» **BRIEF**
In the entries below, find the line with "Green chalcedony mano" and the line with "장기요양신청 대상은 스스로"; reproduce those two lines and all lines between them exactly, without pictures.

» **RECORDS FOR THE EXERCISE**
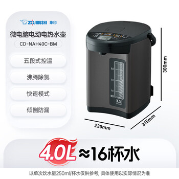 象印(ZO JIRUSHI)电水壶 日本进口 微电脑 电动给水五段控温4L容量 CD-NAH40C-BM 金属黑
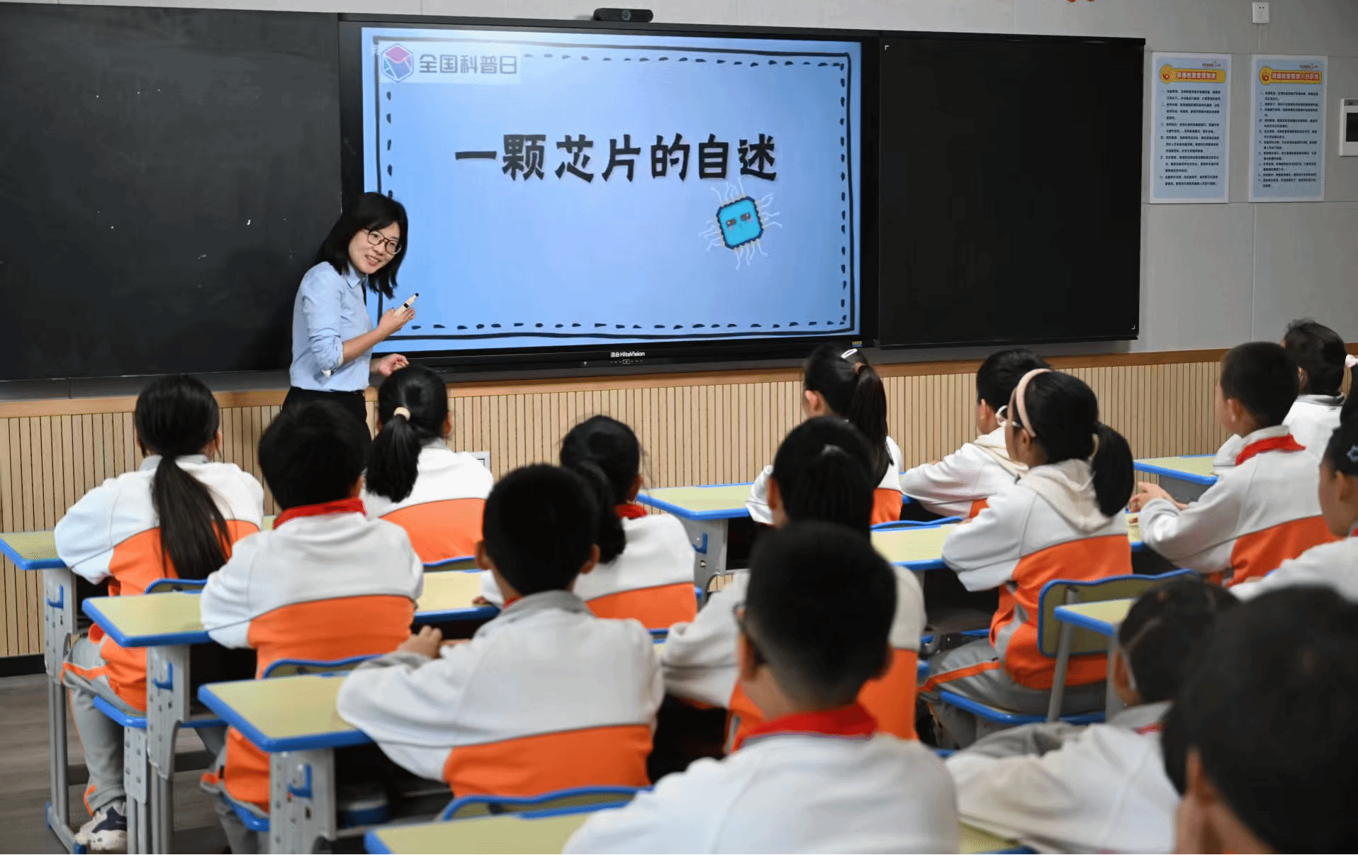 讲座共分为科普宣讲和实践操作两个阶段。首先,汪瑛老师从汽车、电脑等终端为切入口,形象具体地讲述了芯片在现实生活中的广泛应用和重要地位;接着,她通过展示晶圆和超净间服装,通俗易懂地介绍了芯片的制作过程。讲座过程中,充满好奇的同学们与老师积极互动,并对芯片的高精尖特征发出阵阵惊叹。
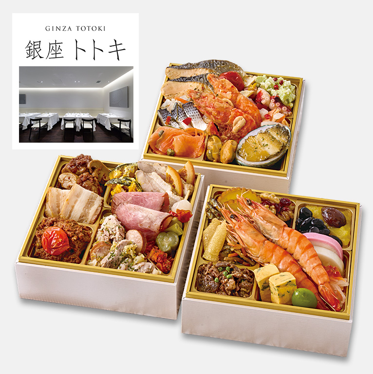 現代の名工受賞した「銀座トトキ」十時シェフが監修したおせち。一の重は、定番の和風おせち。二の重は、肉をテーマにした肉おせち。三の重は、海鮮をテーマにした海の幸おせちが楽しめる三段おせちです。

--

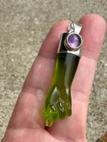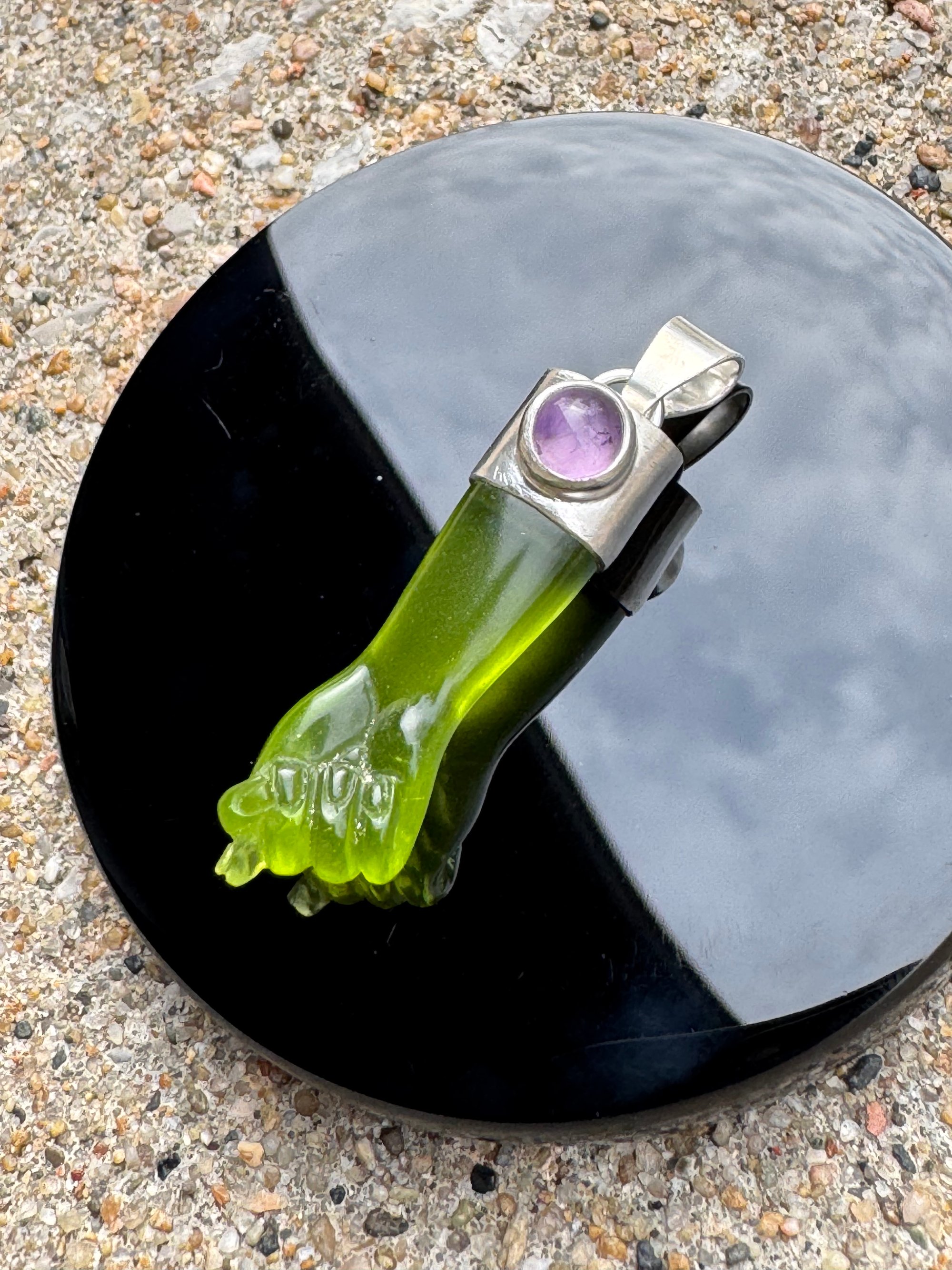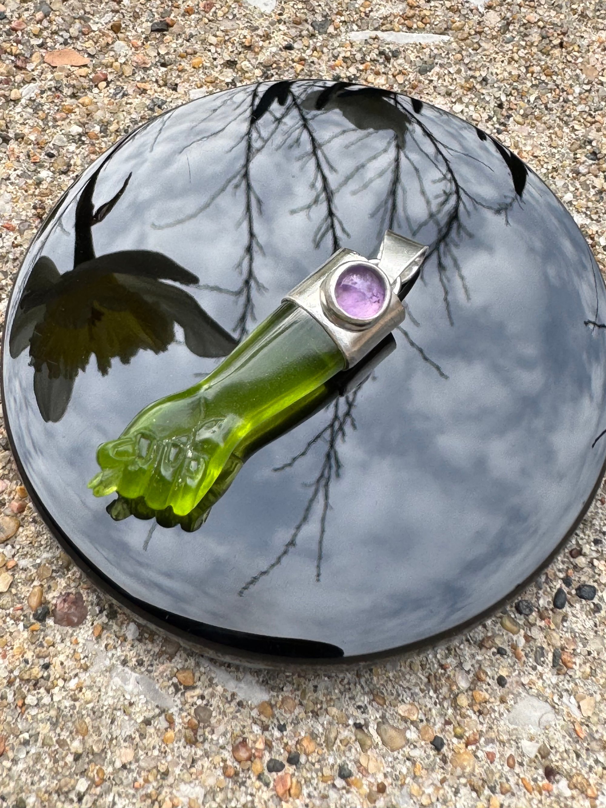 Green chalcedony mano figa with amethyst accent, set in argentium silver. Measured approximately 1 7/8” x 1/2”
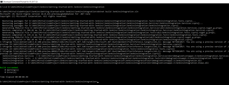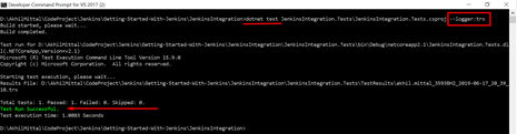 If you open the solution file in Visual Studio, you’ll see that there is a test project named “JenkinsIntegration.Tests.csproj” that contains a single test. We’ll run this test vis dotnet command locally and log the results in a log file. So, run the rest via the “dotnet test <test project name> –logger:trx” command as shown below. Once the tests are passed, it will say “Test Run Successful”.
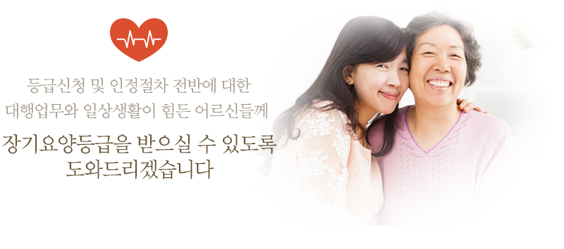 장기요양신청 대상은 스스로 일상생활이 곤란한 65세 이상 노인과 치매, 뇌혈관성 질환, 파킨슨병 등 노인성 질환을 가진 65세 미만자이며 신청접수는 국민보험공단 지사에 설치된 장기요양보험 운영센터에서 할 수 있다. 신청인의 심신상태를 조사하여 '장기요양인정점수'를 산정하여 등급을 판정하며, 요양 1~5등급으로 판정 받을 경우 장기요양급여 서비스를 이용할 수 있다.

--

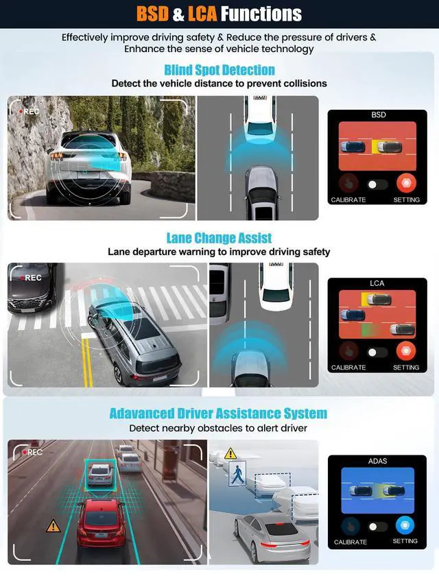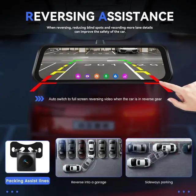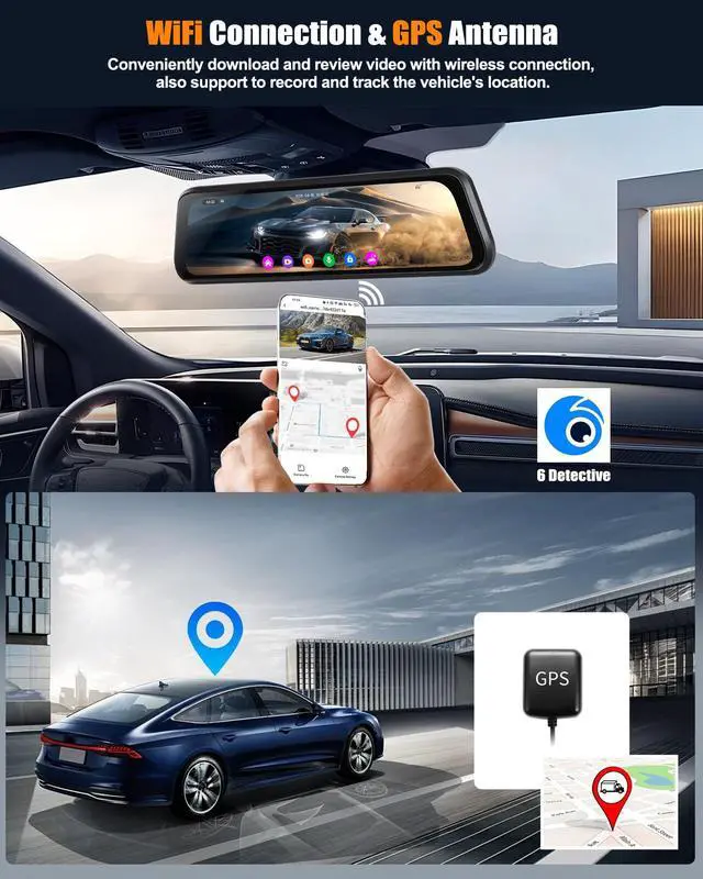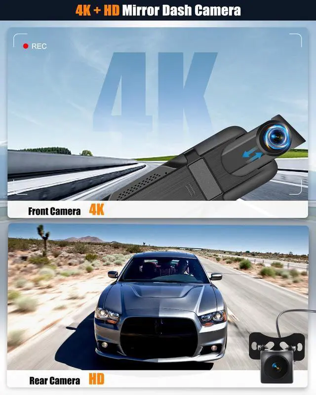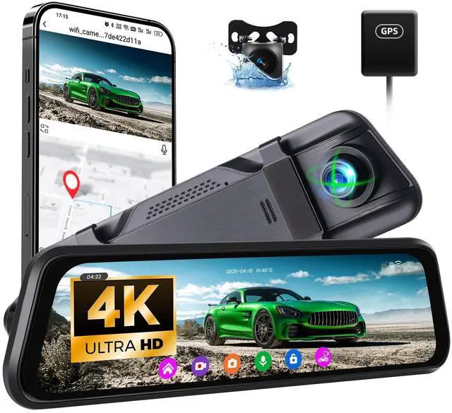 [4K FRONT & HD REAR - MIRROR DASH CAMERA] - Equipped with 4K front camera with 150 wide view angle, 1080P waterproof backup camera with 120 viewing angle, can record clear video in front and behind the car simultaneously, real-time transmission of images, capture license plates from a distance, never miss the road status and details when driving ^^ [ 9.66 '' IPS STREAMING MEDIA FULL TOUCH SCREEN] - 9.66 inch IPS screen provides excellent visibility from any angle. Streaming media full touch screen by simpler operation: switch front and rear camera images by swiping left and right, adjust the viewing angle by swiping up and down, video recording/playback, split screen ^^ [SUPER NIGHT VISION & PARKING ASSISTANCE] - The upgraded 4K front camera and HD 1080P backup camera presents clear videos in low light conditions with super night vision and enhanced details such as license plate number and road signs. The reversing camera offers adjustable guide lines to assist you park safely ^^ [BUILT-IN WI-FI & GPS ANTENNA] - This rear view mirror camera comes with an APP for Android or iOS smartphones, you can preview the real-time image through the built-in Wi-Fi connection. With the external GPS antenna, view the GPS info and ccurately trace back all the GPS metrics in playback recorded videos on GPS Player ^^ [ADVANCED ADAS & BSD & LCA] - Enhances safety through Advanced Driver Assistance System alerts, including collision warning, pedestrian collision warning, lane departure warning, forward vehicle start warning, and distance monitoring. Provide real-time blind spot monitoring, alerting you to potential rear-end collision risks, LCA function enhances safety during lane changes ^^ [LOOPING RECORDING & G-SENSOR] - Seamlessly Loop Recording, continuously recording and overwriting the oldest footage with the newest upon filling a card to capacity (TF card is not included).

» **TASK SOLUTION**
 Green chalcedony mano figa with amethyst accent, set in argentium silver. Measured approximately 1 7/8” x 1/2”
 If you open the solution file in Visual Studio, you’ll see that there is a test project named “JenkinsIntegration.Tests.csproj” that contains a single test. We’ll run this test vis dotnet command locally and log the results in a log file. So, run the rest via the “dotnet test <test project name> –logger:trx” command as shown below. Once the tests are passed, it will say “Test Run Successful”.
 장기요양신청 대상은 스스로 일상생활이 곤란한 65세 이상 노인과 치매, 뇌혈관성 질환, 파킨슨병 등 노인성 질환을 가진 65세 미만자이며 신청접수는 국민보험공단 지사에 설치된 장기요양보험 운영센터에서 할 수 있다. 신청인의 심신상태를 조사하여 '장기요양인정점수'를 산정하여 등급을 판정하며, 요양 1~5등급으로 판정 받을 경우 장기요양급여 서비스를 이용할 수 있다.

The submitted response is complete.